Main APIs are in src/api/. Bug confirmed in the user route."
This is a trade-off between space and information fidelity — summaries may lose details.
Sliding Window + Keyframes
Keep the most recent N turns plus a few "keyframes" (important milestone information):
[System prompt]
[Keyframe: project structure and tech stack]
[Keyframe: confirmed bug cause]
[Most recent 10 turns]
This combines the advantages of truncation and summarization — detailed recent context plus preserved historical milestones.
How Real Products Handle This
Claude Code: Uses the file system as "external memory." CLAUDE.md files store project-level long-term memory. Automatic context compression summarizes earlier content as conversations grow long.
ChatGPT: Offers a Memory feature that explicitly stores user preferences and facts. Users can view and delete these memories.
Cursor: Achieves long-term memory through .cursorrules files and project indexing. Reads the index each time a project is opened to understand code structure.
The common pattern: move information that needs persistence outside the model's context window, and retrieve it when needed.
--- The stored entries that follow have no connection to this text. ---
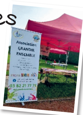
Forum des associations le 3 septembre 2023

L'Espace de Vie Sociale de l'association Grandir Ensemble propose de nombreuses animations pour les familles et les jeunes sur le bassin de vie piennois. De nombreuses animations ont été proposées pour cette fin d'année 2023, voici un petit retour en images :
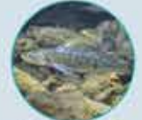
LE SANDRE DU 1 ER MAI AU 28 JANVIER
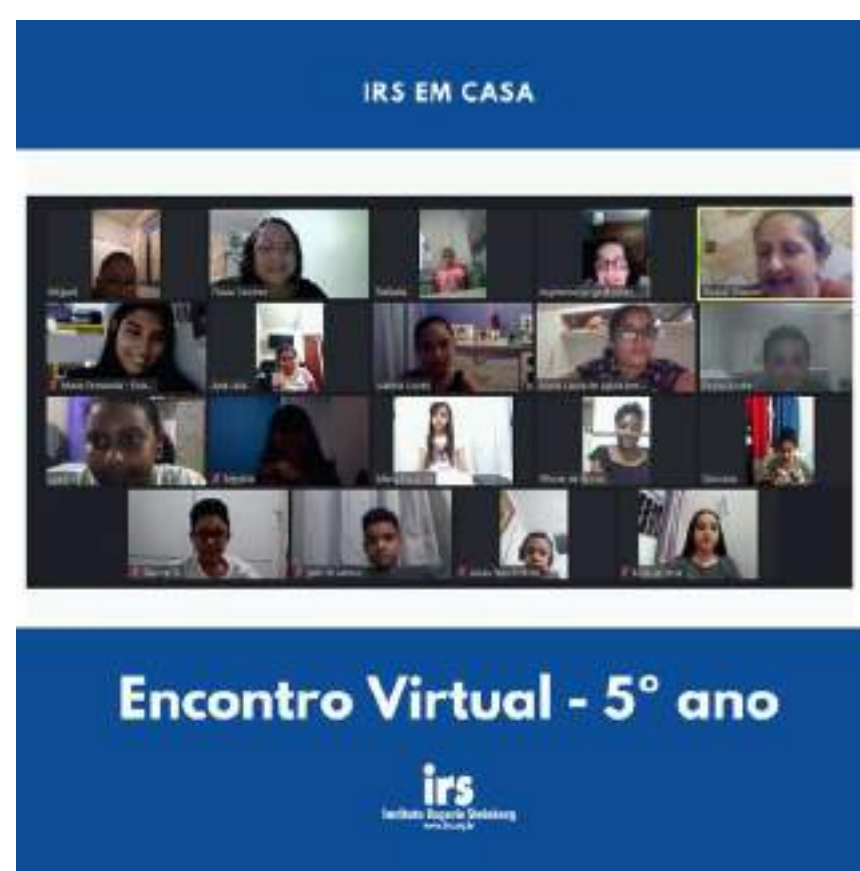
Post sobre encontro Zoom
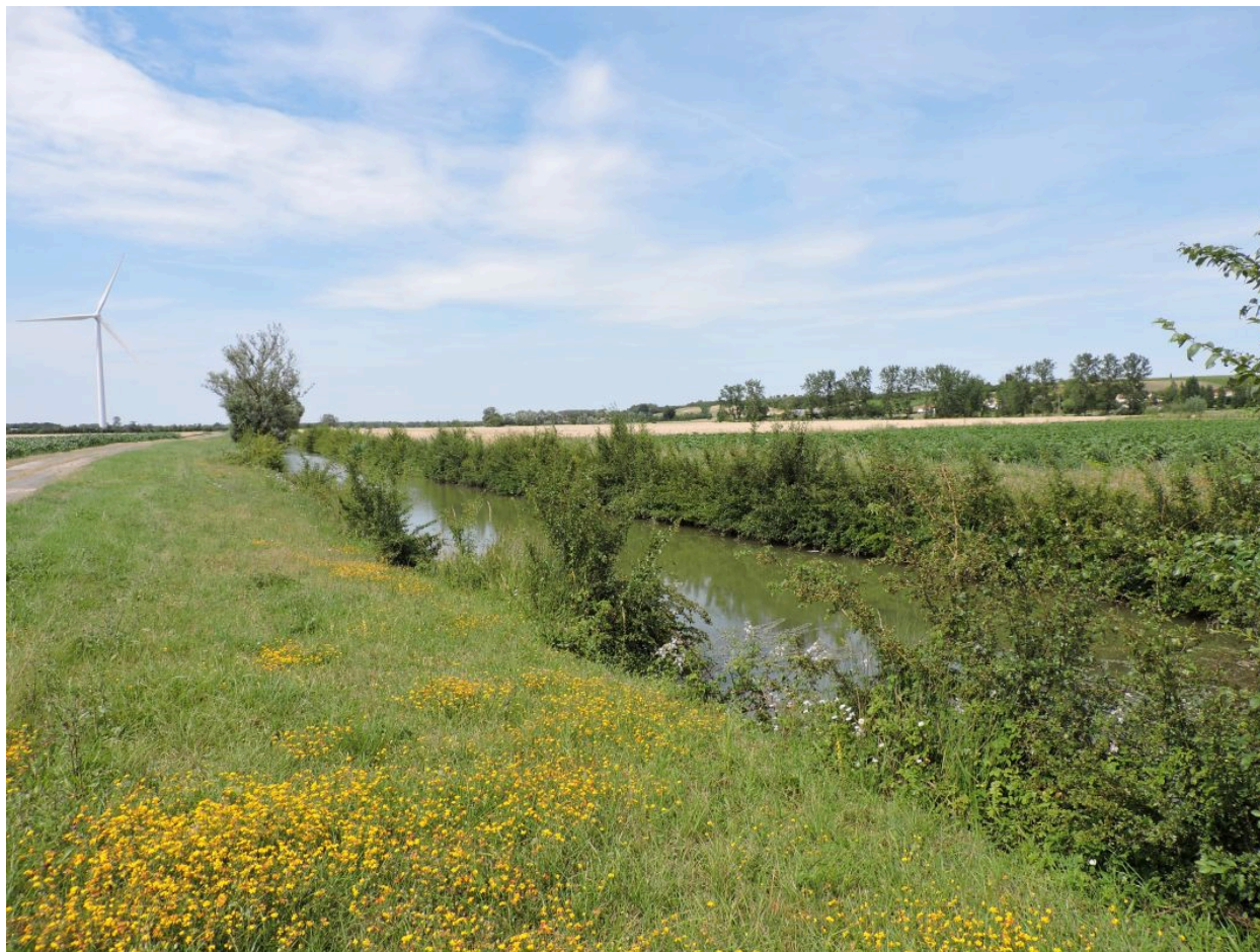
Le canal de Gargouilleau à l'ouest de la Chaume, vu en direction du nord.
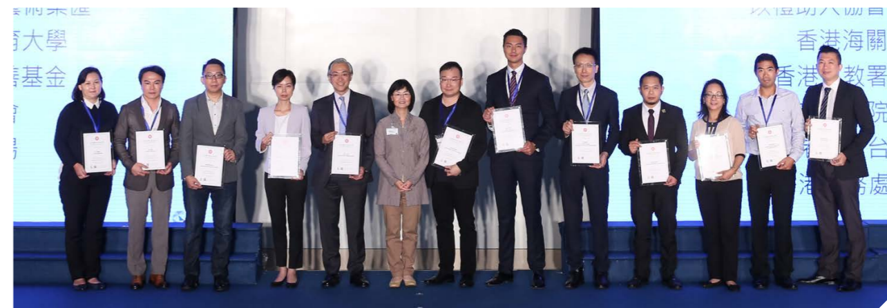
支持機構在台上獲頒嘉許狀後拍照留念。
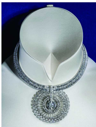
Tiffany &amp; Co. 蒂芙尼 蒲公英项链，多用途佩戴作品

自 19 世纪开始，蒂芙尼便以善于探索 and 发现新品种宝石而闻名，其中紫锂辉石、摩根石、坦桑石、沙弗莱石及蒙大拿蓝宝石更有“蒂芙尼传奇宝石”之称。此次品牌独辟“珍宝阁”，呈现包含红钻、绿钻、蓝钻、粉钻、哥伦比亚祖母绿在内的 37 颗珍罕彩色钻石和宝石，以非凡数量与缤纷色彩，带来一场珍宝盛宴。
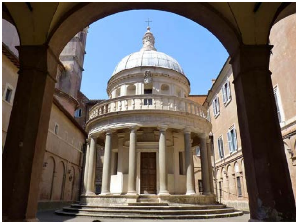
Lámina 1. Donato Bramante. San Pietro in Montorio , Roma. 1502.
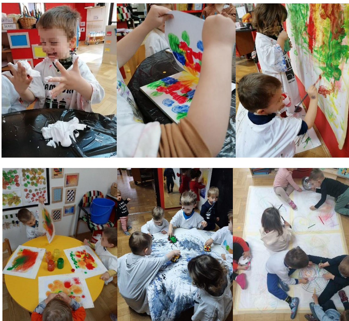
Slika 6. Likovno izražavanje i istraživanje

U blizini sanitarnog čvora smješten je likovni centar. Aktivnosti nuđene u likovnom centru svoj djeci, a naročito jasličkoj koja tek započinju s otkrivanjem mogućnosti likovnog izražavanja, pruža radost, uzbuđenje i zadovoljstvo. Glavna mu je svrha poticanje kreativnosti, radoznalosti, inicijative i mašte ( Hansen i sur., 2004). U ovom centru djeca intenzivno istražuju kroz čitav niz materijala stoga je važno da odgojitelji vode računa o mnoštvu materijala i njihovoj dostupnosti. Kroz grafičko otiskivanje raznih oblika djeca su pokazala interes za geometrijske oblike te je interes produbljen unošenjem poticaja u druge centre.
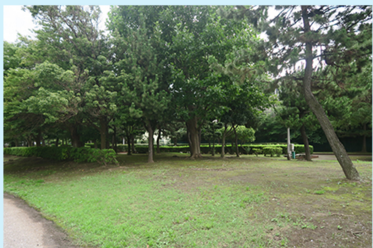
P 高瀬町緑地 (高瀬町66)
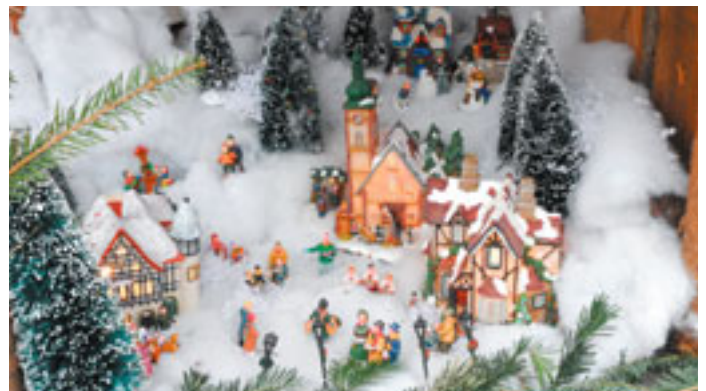
Immagini dei presepi che hanno partecipato al concorso
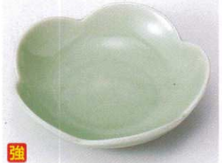
ウ097-26 グリーンサクラ型鉢 11×2.6cm 570円
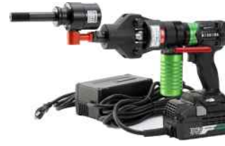
ACアダプタとセット例

手動式と比較して格段にパワーが大きいため、小軸が破損する恐れがあり、危険ですので小軸用刃物は使用しないでください。付属のFP大軸はF大軸と同寸法ですが、事故防止のため、あえて小軸穴は空けていません。従来のF大軸をセットして小軸刃物を使用することも危険ですのでお止めください。セットボルト3/8も同様に使用しないでください。
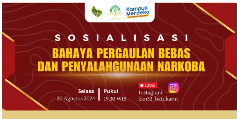
Gambar 5. Banner kegiatan Edukasi & Sosialisasi Narkoba dan pergaulan bebas di Kedusunan 2

Respon Masyarakat terhadap sosialisasi penyuluhan penyalahgunaan narkoba positif. Banyak warga, terutama orang tua dan remaja, menunjukkan ketertarikan untuk lebih memahami bagaimana cara mencegah penyalahgunaan narkoba dan pergaulan bebas di lingkungan mereka. Diskusi yang dilakukan setelah penyuluhan menunjukkan adanya keinginan warga untuk lebih waspada dan terlibat aktif dalam menjaga remaja dari bahaya pergaulan bebas dan penyalahgunaan zat terlarang. Hal ini ditunjukkan dari interaksi langsung antara masyarakat dan narasumber serta pertanyaan-pertanyaan kritis yang diajukan seputar upaya pencegahan dan rehabilitasi bagi pengguna narkoba.
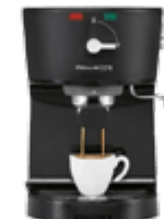
Кофеварки и кофемашины
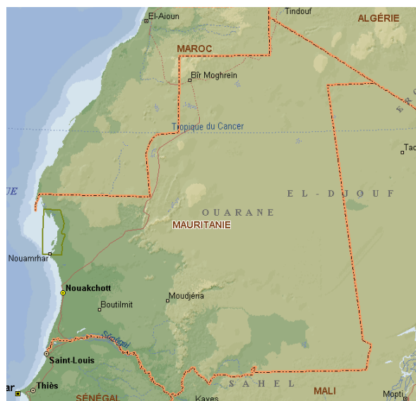
Figure 6: Carte de la Mauritanie

Tableau: données démographiques et économiques de la mauritanie
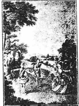
Η άρχιδουκισσα Μαρία Άντουανέττα σ' ένα χωρι που έδδθη στην Αλή της Βιέννης.

Φαντασθήτε τώρα, έχι πιά την πλήρη της έθιμοτυπίας μόνο, την άδιαφορία της ομογενείας, την ήθικη έγκατάλειψη, μα τα χειρότερα βασανιστήρια που μπορούσαν να έπιβληθούσαν σ' έναν άνθρωπο. Διαβαζόντες κωμικά φορέ στις έφημεριδές ότι ένα δυστυχισμένο παιδι πέθανε από τα μαρτύρια που τό ύπέβαλαν οι γονείς του, οι όποιοι τό

Memory System Design Trade-offs
There's no perfect memory solution — every approach involves trade-offs:
| Aspect | Pure Context | Summarization | Vector Retrieval | File System |
|---|---|---|---|---|
| Implementation complexity | Low | Medium | High | Low |
| Information fidelity | High | Medium | Depends on retrieval | High |
| Cross-session persistence | No | No | Yes | Yes |
| Capacity | Window-limited | Window-limited | Nearly unlimited | Nearly unlimited |
| Latency | None | Yes (summarization) | Yes (retrieval) | Yes (file reads) |
Practical advice: start with the simplest approach (pure context), and add complexity only when you hit problems. In most scenarios, a large enough context window plus simple summarization is sufficient.
Key Takeaways
- Agents have three types of memory: short-term (context window), working memory (task intermediate state), and long-term (cross-session persistence).
- Working memory prevents the model from getting lost in long tasks — implement via scratchpad, state objects, or similar mechanisms.
- The hard part of long-term memory is retrieval, not storage — stored information you can't find is as good as not stored.
- Three context management strategies: truncation, summarization, and sliding window + keyframes — each with their own trade-offs.
- Start simple — pure context is sufficient for most scenarios. Consider more complex solutions only when you hit bottlenecks.